Key question this lesson answers: Which function is consuming the most CPU time, and how do you distinguish a compute-bound bottleneck from a memory-bound one?
→ lesson-02-flamegraph.md / lesson-02-quiz.toml
Lesson 3 — Memory Profiling: Heap Allocation Tracking and Reducing Allocator Pressure
Covers the allocation cost model, #[global_allocator] counting wrappers for exact per-path allocation counts, HashMap::with_capacity and Vec::with_capacity pre-allocation, clear() for buffer reuse across batches, dhat for call-site-attributed heap profiling, and CI-embedded zero-allocation assertions.
Key question this lesson answers: How many allocations happen in the hot path, which call sites are responsible, and how do you make that a CI assertion rather than a one-time finding?
→ lesson-03-memory-profiling.md / lesson-03-quiz.toml
Capstone Project — Meridian Control Plane Performance Audit
Apply the full three-phase audit workflow to the integrated telemetry pipeline: establish a criterion baseline, generate a flamegraph to identify the hot path, use a counting allocator to quantify per-stage allocation overhead, implement the highest-impact fix, and verify the improvement is statistically significant (p < 0.05). Document findings in audit.md.
Acceptance is against 7 verifiable criteria including correct criterion usage, flamegraph generation, per-stage allocation counts, a documented fix, and a p < 0.05 improvement.
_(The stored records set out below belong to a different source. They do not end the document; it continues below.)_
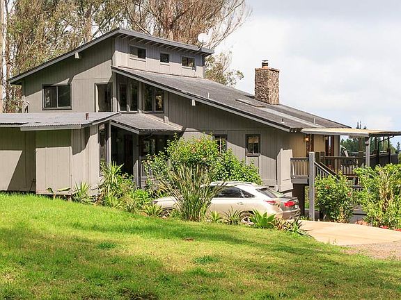 Located near the top of Olinda, this contemporary designed property is all about privacy. This lot has a serene atmosphere surrounded by Haleakala Ranch, hiking trails and parks. The 4 bedroom, 2 1/2 bath has a midcentury open floor plan with high ceilings, fireplaces, scraped bamboo floors, live edge wood bars and granite countertops. The large covered lanais and multiple decks are perfect for entertaining and watching the waves at Jaws. A lower level can be expanded. There is a music/art studio, double covered carport, and large workshop. Come see why 98 Alaluana is the perfect property to rejuvenate and unplug from the world.
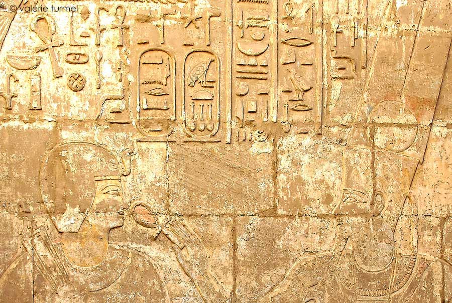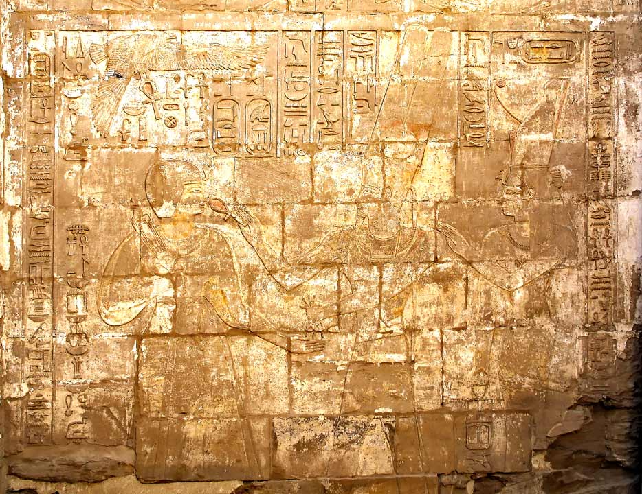 La divine adoratrice Amenardis I reçoit la vie donnée par Amon-Rê. Elle tient un sistre dans la main droite et reçoit une poignée de vies dans la main gauche. Amon dit qu'il lui donne la vie et la puissance. Derrière Amon, la déesse Mout, la grande, maîtresse d'Ichérou (son domaine à Karnak) donne à l'adoratrice toute vie, toute puissance et toute durée. (cf. Legrain)
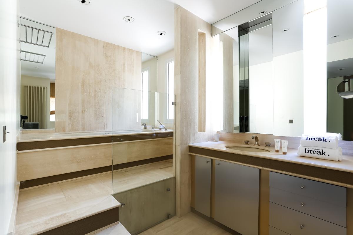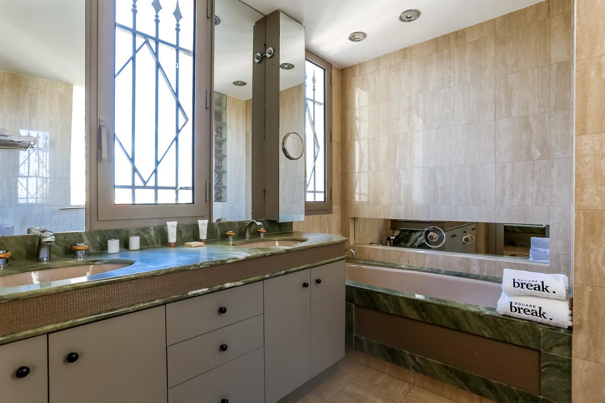 – Chambre 3 : lits jumeaux de 90 cm, accès à la terrasse, salle de bains attenante – baignoire, douche et toilettes
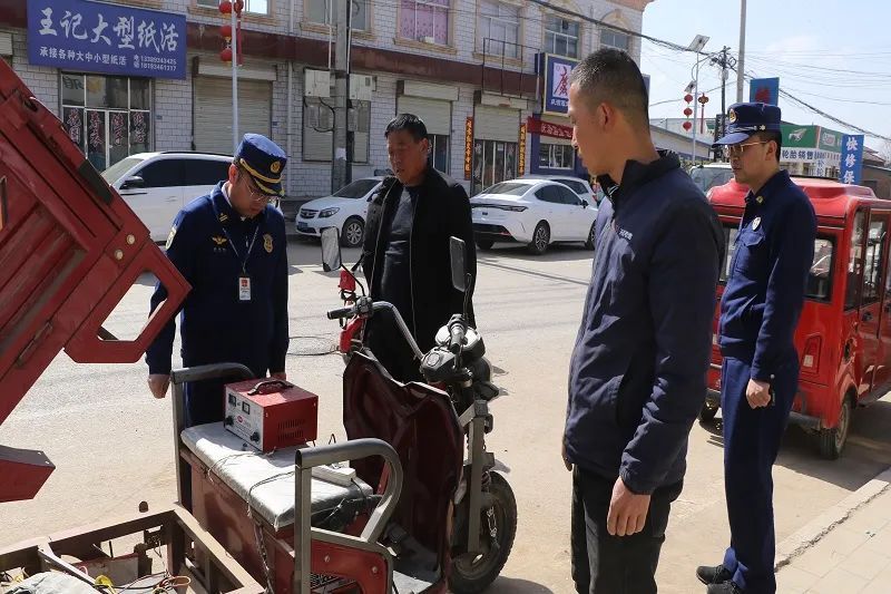 大隊(duì)采取“邊檢查、邊宣傳”的方式,對(duì)鄉(xiāng)鎮(zhèn)沿街商鋪、銷(xiāo)售門(mén)店等重點(diǎn)區(qū)域的電動(dòng)自行車(chē)存放、充電等情況進(jìn)行了檢查,為群眾現(xiàn)場(chǎng)講解了電動(dòng)自行車(chē)防火安全知識(shí)和火災(zāi)發(fā)生的常見(jiàn)原因、電動(dòng)自行車(chē)火災(zāi)的危害性、正確停放和充電的方法,提醒大家嚴(yán)禁在過(guò)道、樓梯間、安全出口等公共區(qū)域停放電動(dòng)自行車(chē),嚴(yán)禁私拉亂接臨時(shí)電線為電動(dòng)自行車(chē)充電的不安全行為,針對(duì)檢查中發(fā)現(xiàn)的電動(dòng)自行車(chē)違規(guī)充電行為,及時(shí)與車(chē)主進(jìn)行交流與溝通,勸導(dǎo)其采取正確、安全的方式充電。
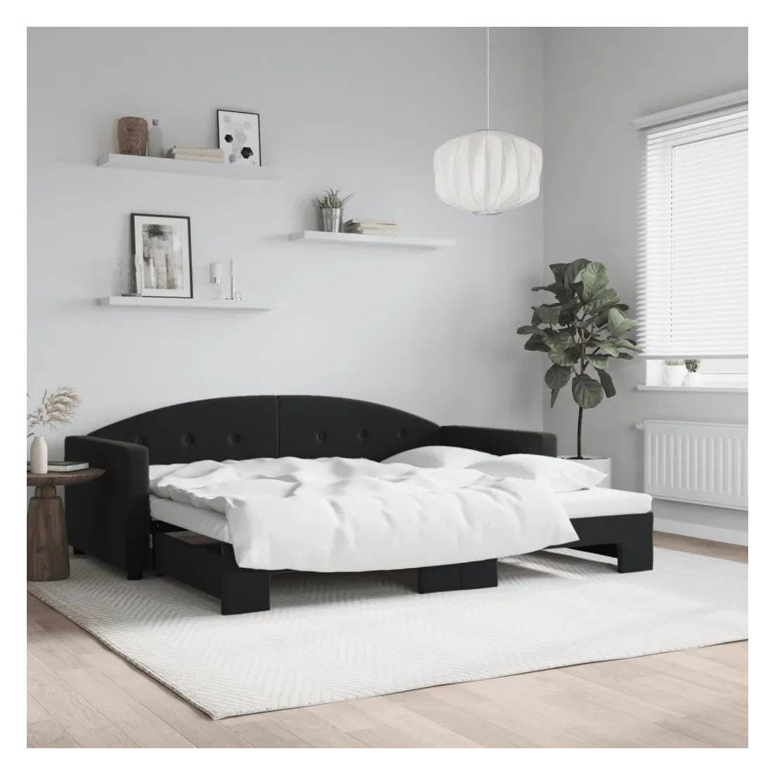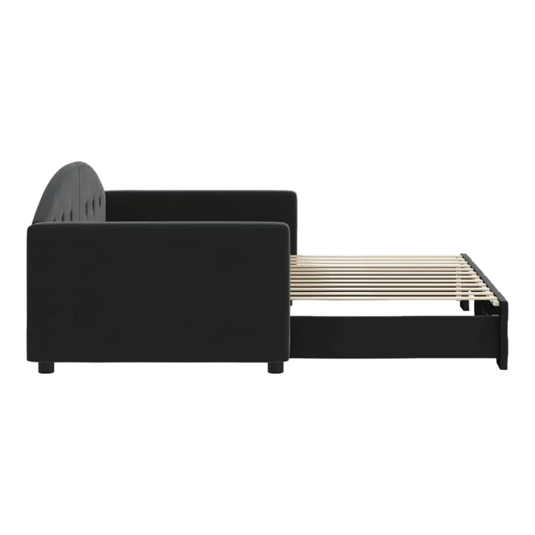 Ce lit de repos 2 en 1 avec lit gigogne, servant à la fois de canapé et de lit, constitue un supplément pratique et accrocheur à votre salon ou chambre à coucher. Lit de repos polyvalent : le canapé-lit fonctionne comme un canapé pendant la journée et se transforme facilement en lit double la nuit en retirant le lit gigogne, offrant une solution pratique pour accueillir des invités et maximiser l'espace.Velours doux et construction solide : ce canapé-lit a un cadre robuste en bois et en métal et est recouvert de velours doux et confortable.Design moderne : le canapé-lit a un design moderne qui présente des lignes épurées, un aspect minimaliste, ainsi que de la lumière naturelle, et ajoutera un style moderne à votre intérieur ! Bon à savoir :Les matelas ne sont pas inclus avec ce lit. Nous proposons une sélection variée de matelas. Vous pouvez consulter notre boutique pour trouver les matelas assortis.
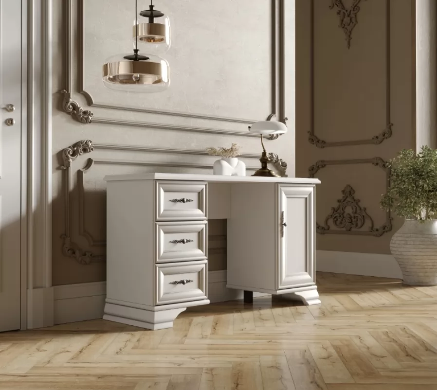 Столик стоит на изящных резных ножках, которые подчеркивают классический дизайн. Витиеватые ручки удачно дополняют фасад и привлекают внимание к деталям.
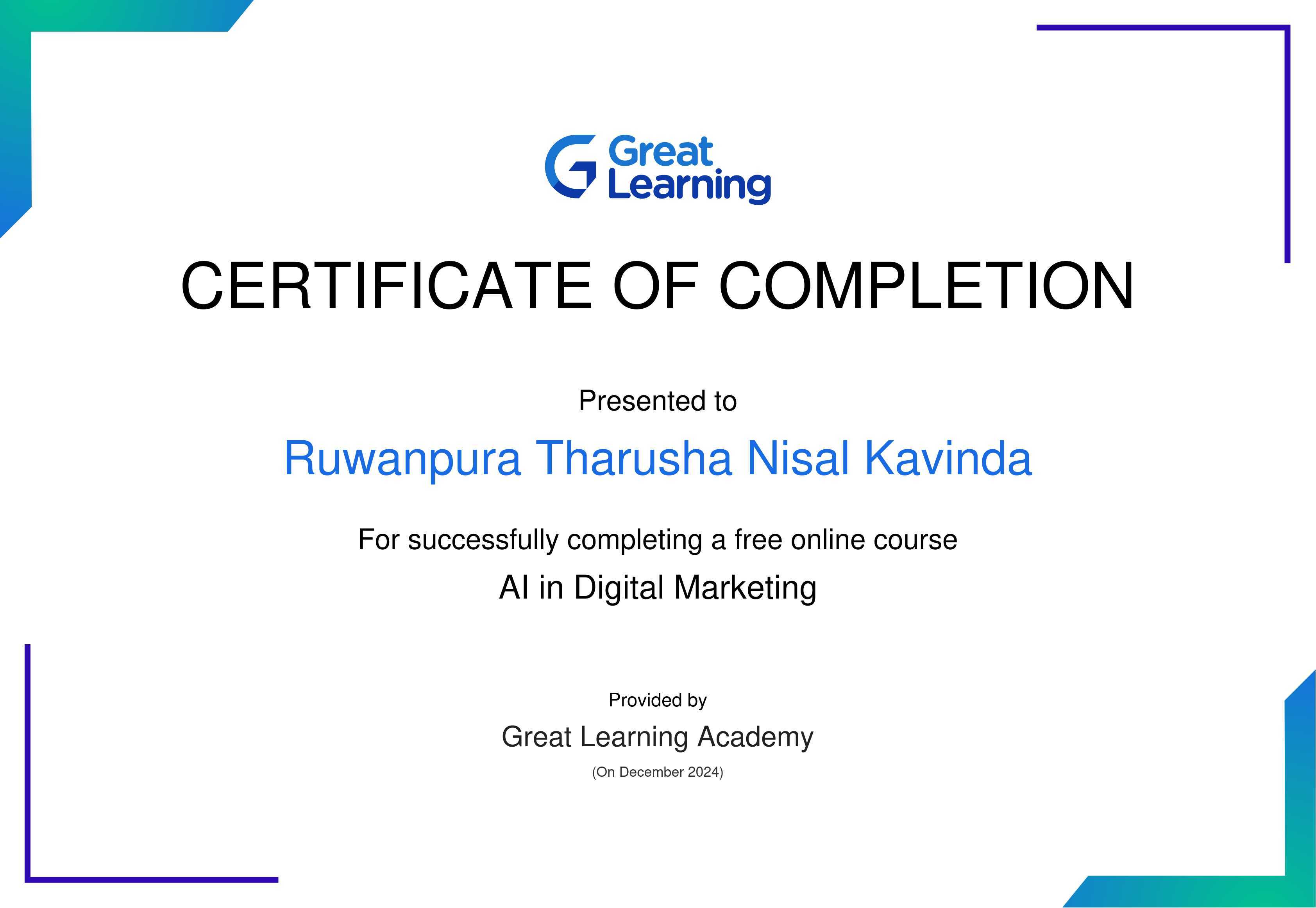 The certificate above verifies that Ruwanpura Tharusha Nisal Kavinda has successfully completed the course AI in Digital Marketing
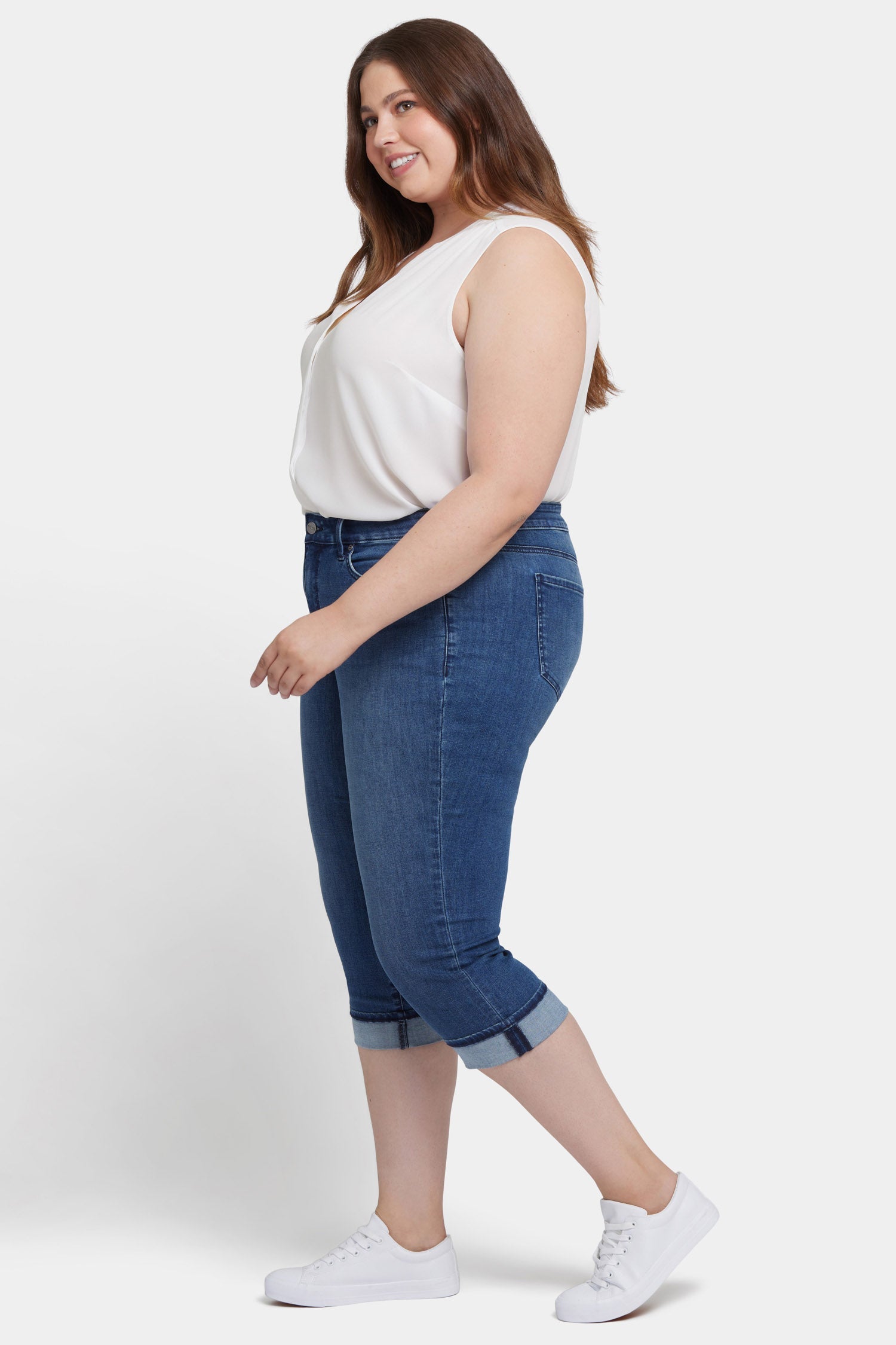 You can't go wrong with our iconic bestselling fit. The curve-sculpting, figure-elongating construction of NYDJ's Marilyn Straight Crop Jeans in Plus Size in Cool Embrace® Denim pairs well with everything, in a cropped straight-leg silhouette with a cuffed hem. Breathable, temperature-regulating Cool Embrace® Denim keeps you comfortable as the heat rises, while our Lift Tuck® Technology uses a proprietary slimming panel with a patented criss-cross design to shape and support your curves. Finished with five-pocket styling and a zip fly with button closure. Blue Ridge is a medium-dark blue wash with whiskering on the front hips and sanding on the front thighs, knees and seat. This jean is made with earth-friendly methods that result in reduced consumption of water, chemicals and/or energy.
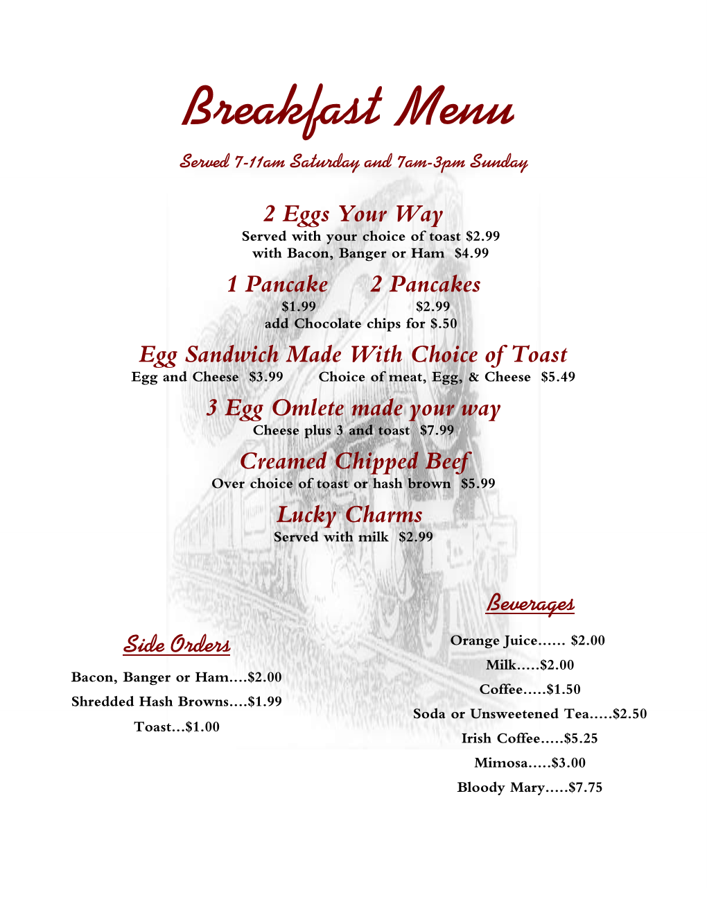 | Sunday: | 7:00 AM – 3:00 PM |

→ project-performance-audit.md
Prerequisites
Modules 1–5 must be complete. Module 5 (Data-Oriented Design) established the optimisations being measured here — this module gives you the tools to verify that those optimisations actually work and to prevent future regressions. Module 2 (Concurrency Primitives) introduced atomic operations, which are used by the counting allocator in Lesson 3.
Foundation Track Complete
With Module 6 complete, the Foundation track is done. The six modules cover the complete toolset for building Meridian's control plane in Rust: async task scheduling, concurrency primitives, message-passing architectures, network I/O, data-oriented design, and performance measurement. The four specialisation tracks — Database Internals, Data Pipelines, Data Lakes, and Distributed Systems — are now unlocked and can be taken in any order.